* **Data provided**:

_ _ _

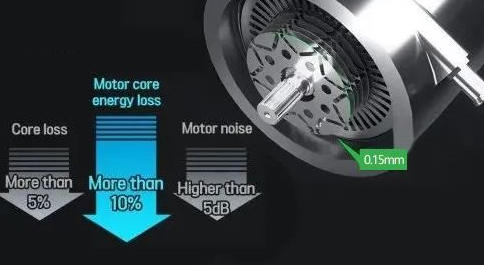 粘结铁芯采用胶水粘接的方式,替代传统的焊接和叠铆的方式,通过这种方式的改良的目的,就是提升电机的电磁性能,降低定转子铁芯的铁损伤。粘结铁芯非常适合超薄的叠片,胶水可以将堆叠粘合在一起,而避免层压带来的叠片变形。粘结铁芯钢板之间的胶黏剂形成绝缘层,可以显着降低电磁损耗,粘结铁芯的抗震性能和防水性能更强。
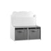 Bookshelf With Storage Bins, Bookcase With Book Display Shelf And 2 Bins, Cute Bear Shaped Backboard, Toy Organizer - White
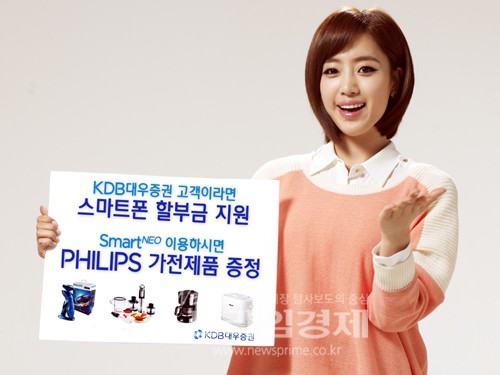 [프라임경제] KDB대우증권(006800)은 스마트폰 거래 고객을 위한 사은 이벤트를 진행한다고 6일 밝혔다. 행사는 이달 27일까지 진행되며 KDB대우증권의 스마트폰 증권거래 어플리케이션인 ‘스마트 네오(Smart Neo)’ 이용고객을 대상으로 고급 가전제품과 최신 스마트폰 할부금을 지원하는 내용이다.
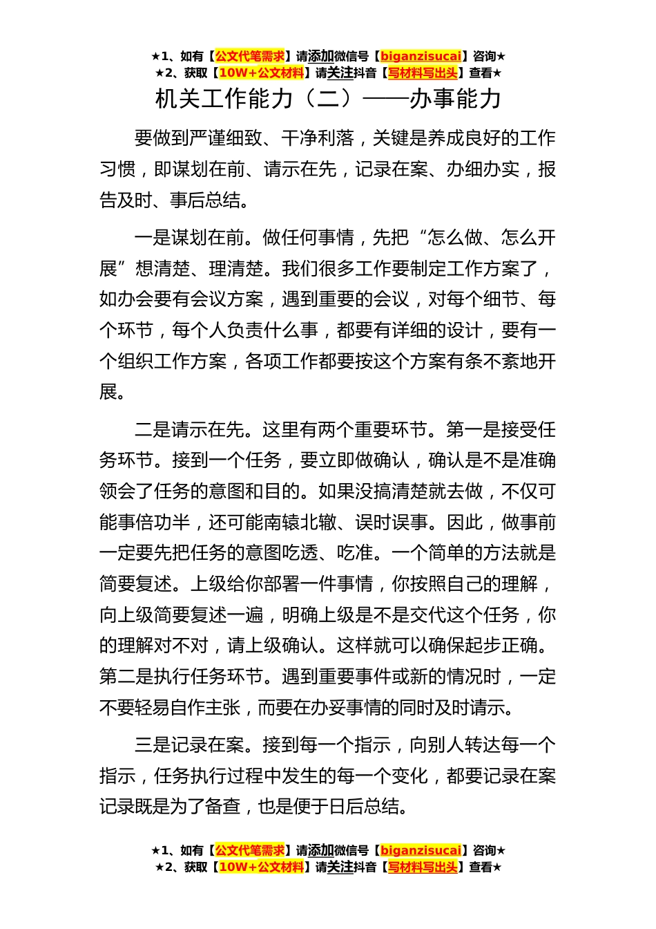★1、如有【公文代笔需求】请添加微信号【biganzisucai】咨询★★2、获取【10W+公文材料】请关注抖音【写材料写出头】查看★★1、如有【公文代笔需求】请添加微信号【biganzisucai】咨询★★2、获取【10W+公文材料】请关注抖音【写材料写出头】查看★★1、如有【公文代笔需求】请添加微信号【biganzisucai】咨询★★2、获取【10W+公文材料】请关注抖音【写材料写出头】查看★机关工作能力(二)——办事能力要做到严谨细致、干净利落,关键是养成良好的工作习惯,即谋划在前、请示在先,记录在案、办细办实,报告及时、事后总结。一是谋划在前。做任何事情,先把“怎么做、怎么开展”想清楚、理清楚。我们很多工作要制定工作方案了,如办会要有会议方案,遇到重要的会议,对每个细节、每个环节,每个人负责什么事...

_ _ _

* **Work item**: The data above should be returned in full, exactly as written, apart from its images.

* **Solution below**:
 粘结铁芯采用胶水粘接的方式,替代传统的焊接和叠铆的方式,通过这种方式的改良的目的,就是提升电机的电磁性能,降低定转子铁芯的铁损伤。粘结铁芯非常适合超薄的叠片,胶水可以将堆叠粘合在一起,而避免层压带来的叠片变形。粘结铁芯钢板之间的胶黏剂形成绝缘层,可以显着降低电磁损耗,粘结铁芯的抗震性能和防水性能更强。
 Bookshelf With Storage Bins, Bookcase With Book Display Shelf And 2 Bins, Cute Bear Shaped Backboard, Toy Organizer - White
 [프라임경제] KDB대우증권(006800)은 스마트폰 거래 고객을 위한 사은 이벤트를 진행한다고 6일 밝혔다. 행사는 이달 27일까지 진행되며 KDB대우증권의 스마트폰 증권거래 어플리케이션인 ‘스마트 네오(Smart Neo)’ 이용고객을 대상으로 고급 가전제품과 최신 스마트폰 할부금을 지원하는 내용이다.
★1、如有【公文代笔需求】请添加微信号【biganzisucai】咨询★★2、获取【10W+公文材料】请关注抖音【写材料写出头】查看★★1、如有【公文代笔需求】请添加微信号【biganzisucai】咨询★★2、获取【10W+公文材料】请关注抖音【写材料写出头】查看★★1、如有【公文代笔需求】请添加微信号【biganzisucai】咨询★★2、获取【10W+公文材料】请关注抖音【写材料写出头】查看★机关工作能力(二)——办事能力要做到严谨细致、干净利落,关键是养成良好的工作习惯,即谋划在前、请示在先,记录在案、办细办实,报告及时、事后总结。一是谋划在前。做任何事情,先把“怎么做、怎么开展”想清楚、理清楚。我们很多工作要制定工作方案了,如办会要有会议方案,遇到重要的会议,对每个细节、每个环节,每个人负责什么事...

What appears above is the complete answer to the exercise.